Given the growth of Cyber Monday, the introduction last year of Small Business Saturday – an American Express promotion backed by President Obama – and added hours on Black Friday, shoppers told pollsters this week that they plan to spend four more hours shopping this year than last, but a third of those say they'll spend less money than in the past.
All in all, one in four Americans melted into the throngs on Friday, the vast majority on a good-natured, even fun, hunt for savings. But as usual, the unusual became news, and fodder for societal reflection.
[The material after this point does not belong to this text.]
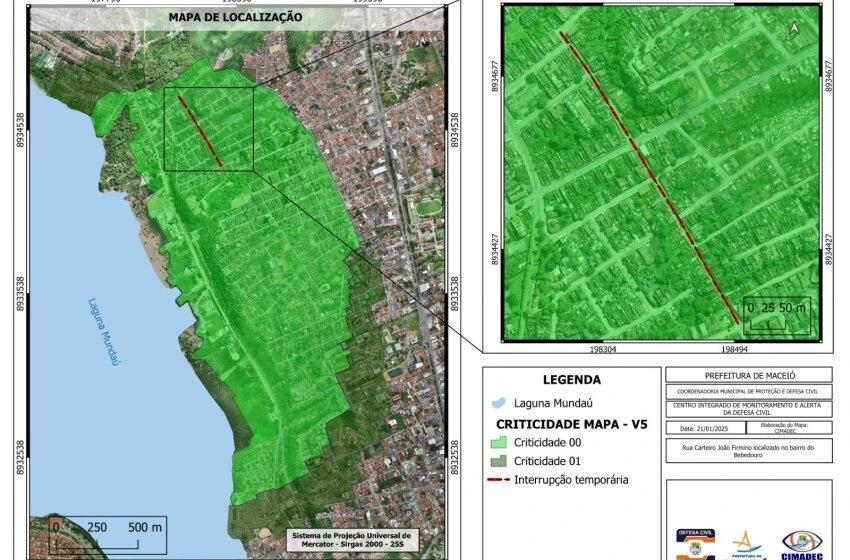 Rua será liberada após conclusão dos trabalhos, prevista para o dia 28 de janeiro A Defesa Civil de Maceió vai interditar, nesta quarta-feira…
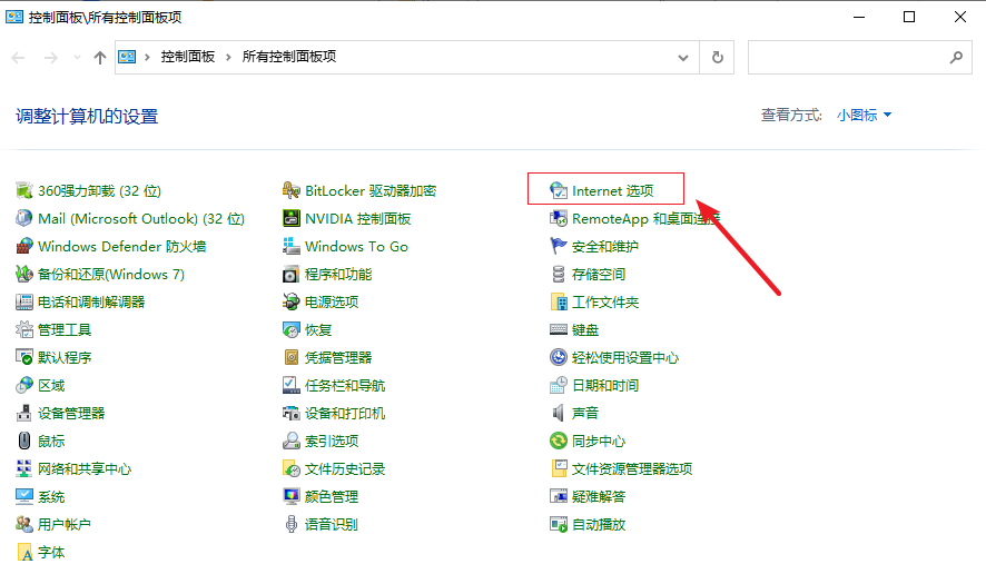 2.選擇【Internet選項】。

For YouTube aficionados, Black Friday mayhem has become its own annual event. One popular video shows two women throwing punches over a table of hand towels in Oregon, Ohio. "They were fighting over bath towels on sale for $1.88, as ridiculous as that sounds," Police Sergeant Jason Druckenmiller told Reuters.
Ridiculous may be in the eye of the beholder, however.
Yes, "for the shopaholics out there, it's the equivalent of Mardi Gras," Bob Robicheaux, a marketing professor at the University of Alabama at Birmingham, tells the Birmingham News. "Once you get that emotional predisposition to go buy something, the floodgates open and people sort of lose their control."
On the other hand: While Wal-Mart seemed to be particularly hard-hit by stories of consumer misbehavior, it doesn't appear to have hurt the Bentonville, Ark. retailer's bottom line. Wal-Mart stocks rose slightly after Black Friday, with shares rising to $56.89 in late trading.